- **Data provided**:
○ ○ ○ ○ ○ ○ ○
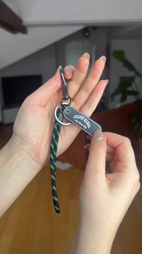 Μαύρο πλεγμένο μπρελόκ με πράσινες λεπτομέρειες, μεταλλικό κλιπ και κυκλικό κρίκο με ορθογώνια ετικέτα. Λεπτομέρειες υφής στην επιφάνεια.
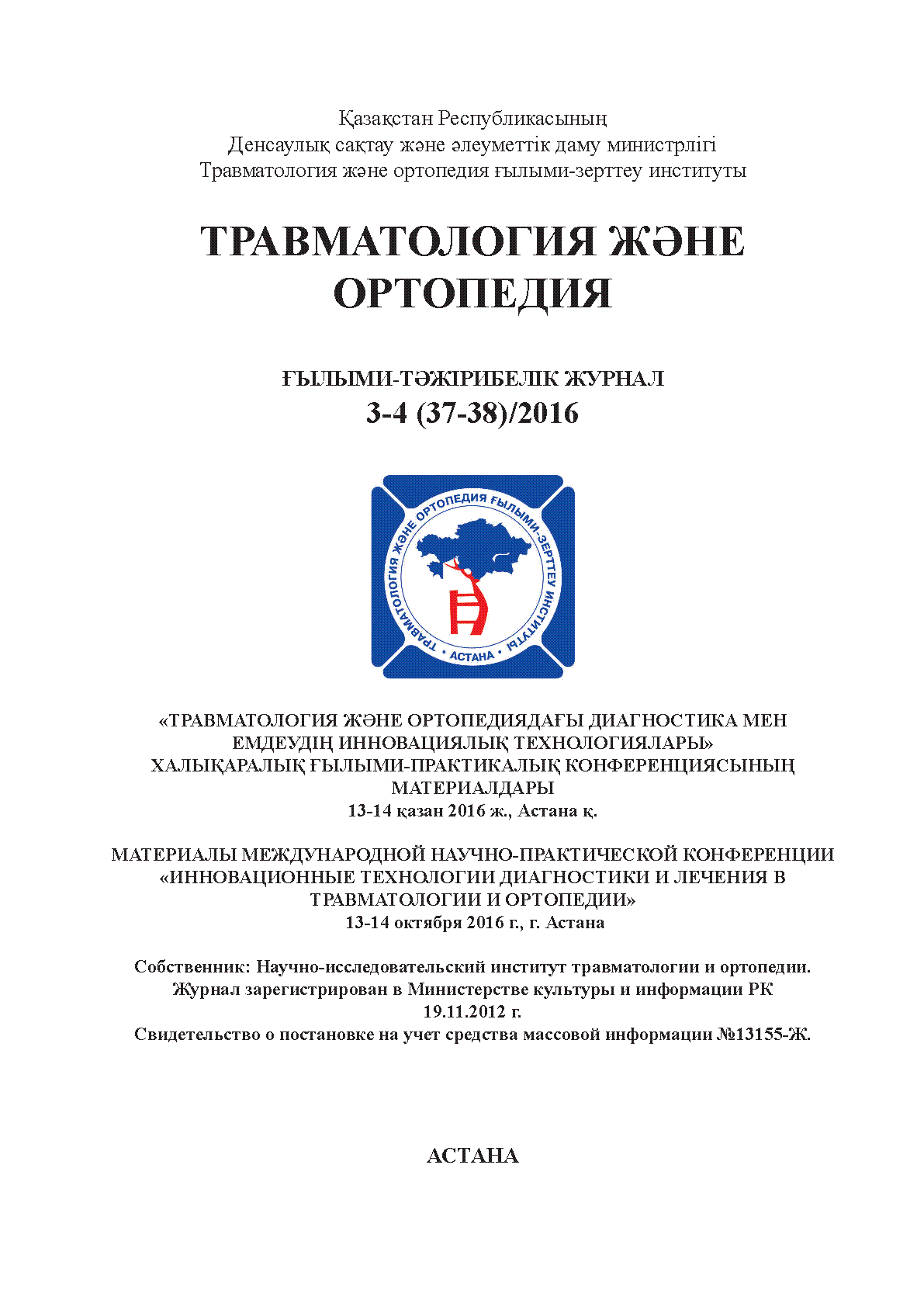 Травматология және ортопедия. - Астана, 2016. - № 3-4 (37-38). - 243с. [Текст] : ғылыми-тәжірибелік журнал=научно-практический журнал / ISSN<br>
○ ○ ○ ○ ○ ○ ○
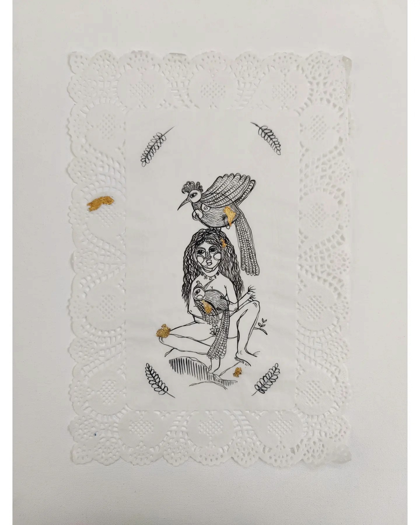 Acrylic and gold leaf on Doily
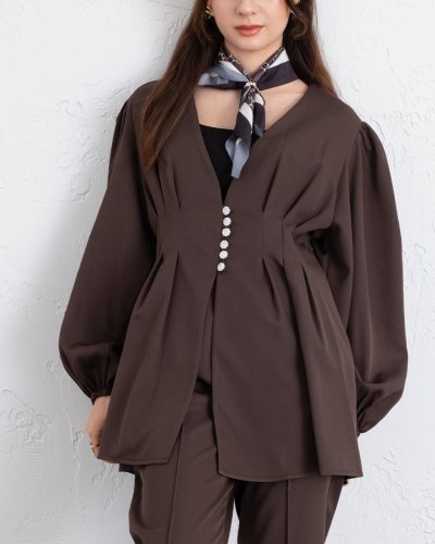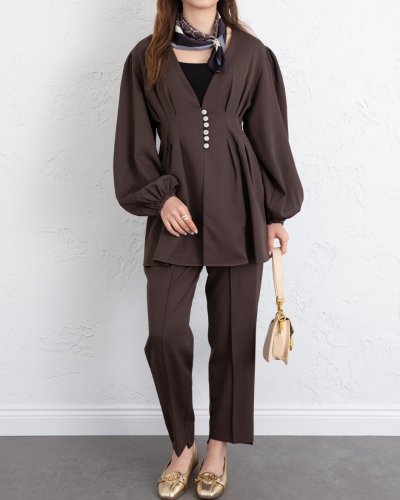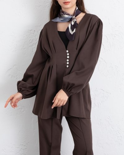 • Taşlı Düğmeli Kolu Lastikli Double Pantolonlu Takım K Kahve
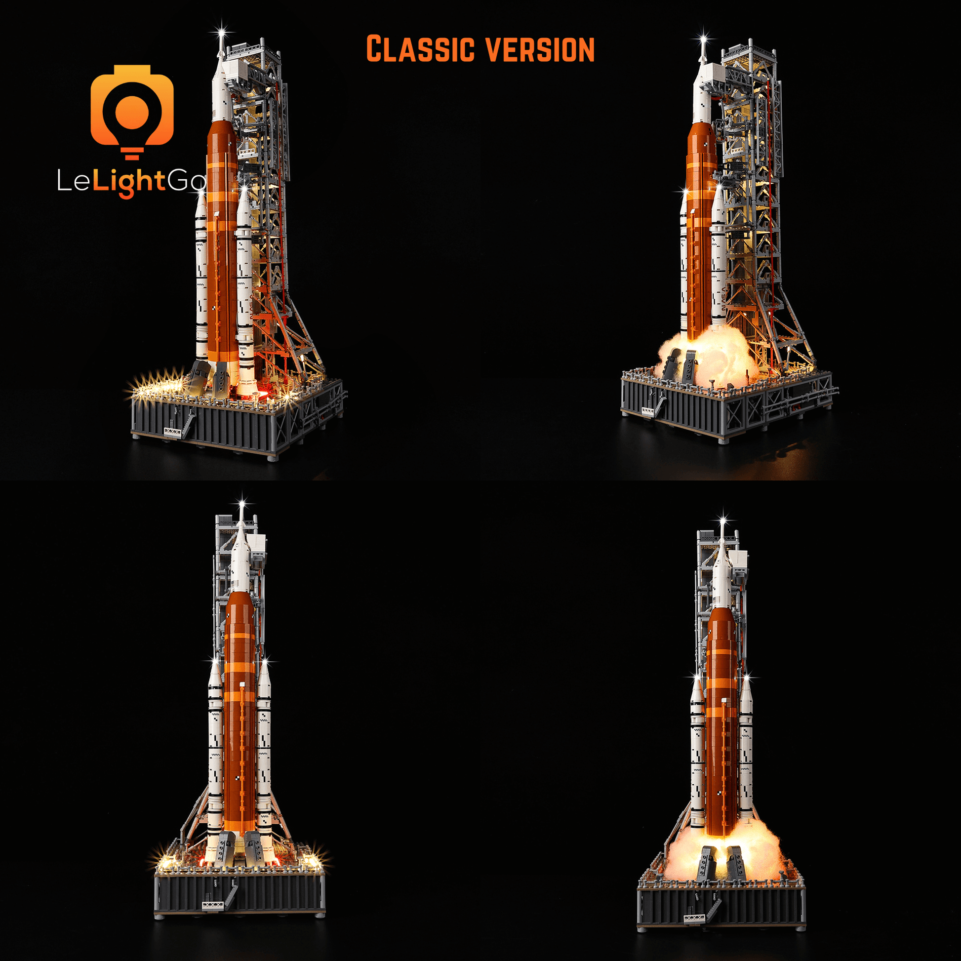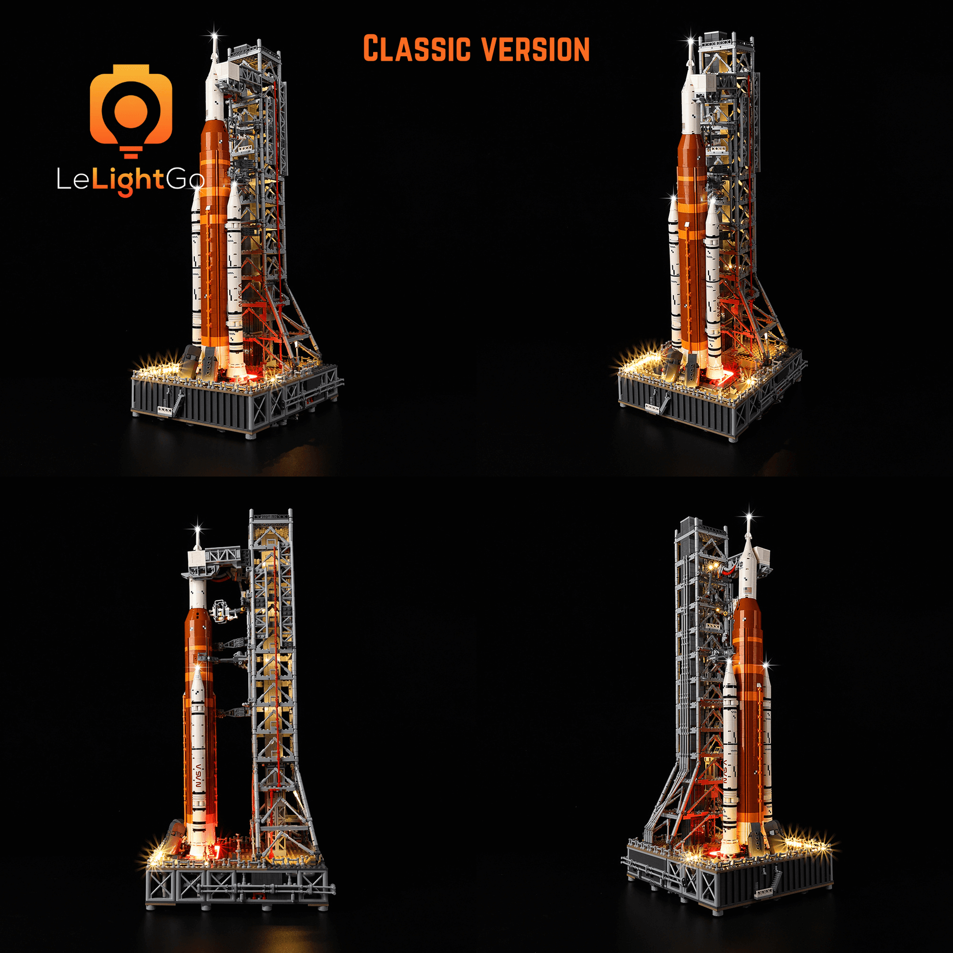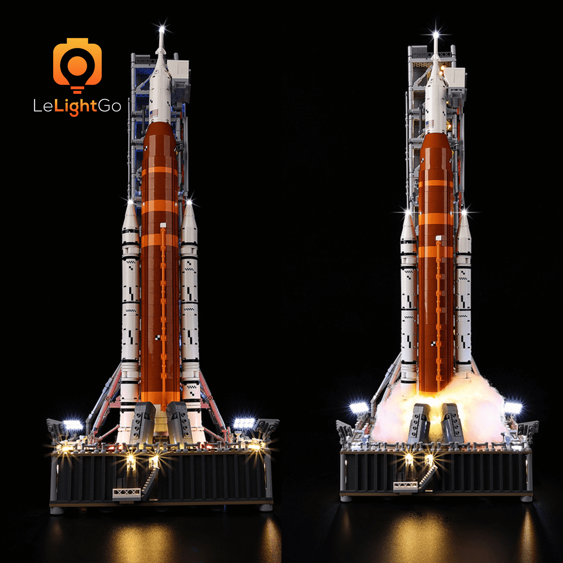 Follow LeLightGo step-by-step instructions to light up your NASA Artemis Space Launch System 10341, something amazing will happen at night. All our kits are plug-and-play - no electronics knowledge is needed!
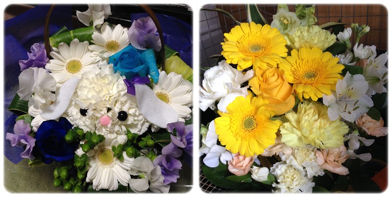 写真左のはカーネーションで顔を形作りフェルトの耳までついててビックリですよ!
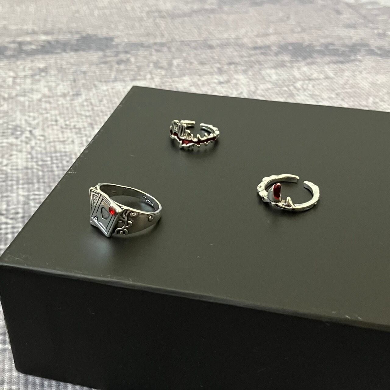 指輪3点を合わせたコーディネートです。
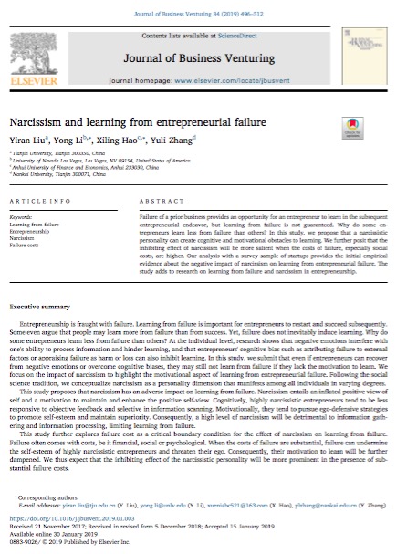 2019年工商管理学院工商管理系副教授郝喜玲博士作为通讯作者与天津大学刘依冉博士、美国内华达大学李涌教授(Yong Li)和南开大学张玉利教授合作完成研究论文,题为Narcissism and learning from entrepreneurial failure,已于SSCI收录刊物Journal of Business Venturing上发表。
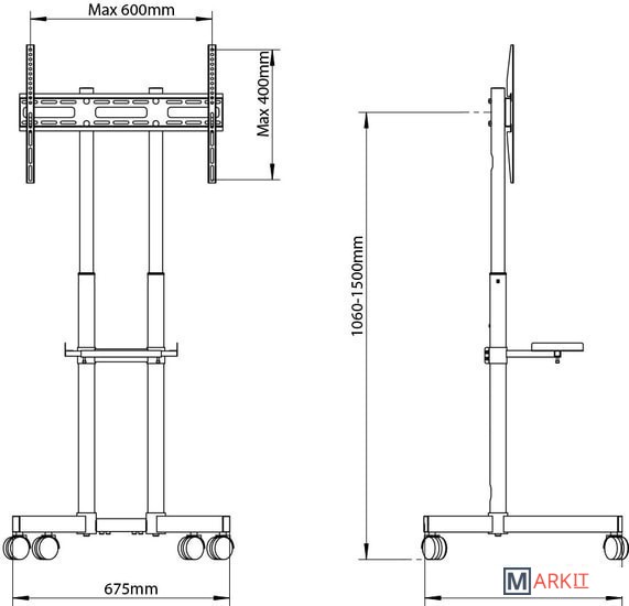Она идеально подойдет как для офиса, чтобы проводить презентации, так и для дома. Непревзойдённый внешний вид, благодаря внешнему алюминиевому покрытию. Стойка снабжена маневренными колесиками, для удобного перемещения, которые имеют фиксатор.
○ ○ ○ ○ ○ ○ ○
- **Exercise directions**:
In the listing above, find the line with "Follow LeLightGo step-by-step" and the line with "Она идеально подойдет". Copy exactly those two and every line between, without the pictures.

- **Task output**:
 Follow LeLightGo step-by-step instructions to light up your NASA Artemis Space Launch System 10341, something amazing will happen at night. All our kits are plug-and-play - no electronics knowledge is needed!
 写真左のはカーネーションで顔を形作りフェルトの耳までついててビックリですよ!
 指輪3点を合わせたコーディネートです。
 2019年工商管理学院工商管理系副教授郝喜玲博士作为通讯作者与天津大学刘依冉博士、美国内华达大学李涌教授(Yong Li)和南开大学张玉利教授合作完成研究论文,题为Narcissism and learning from entrepreneurial failure,已于SSCI收录刊物Journal of Business Venturing上发表。
Она идеально подойдет как для офиса, чтобы проводить презентации, так и для дома. Непревзойдённый внешний вид, благодаря внешнему алюминиевому покрытию. Стойка снабжена маневренными колесиками, для удобного перемещения, которые имеют фиксатор.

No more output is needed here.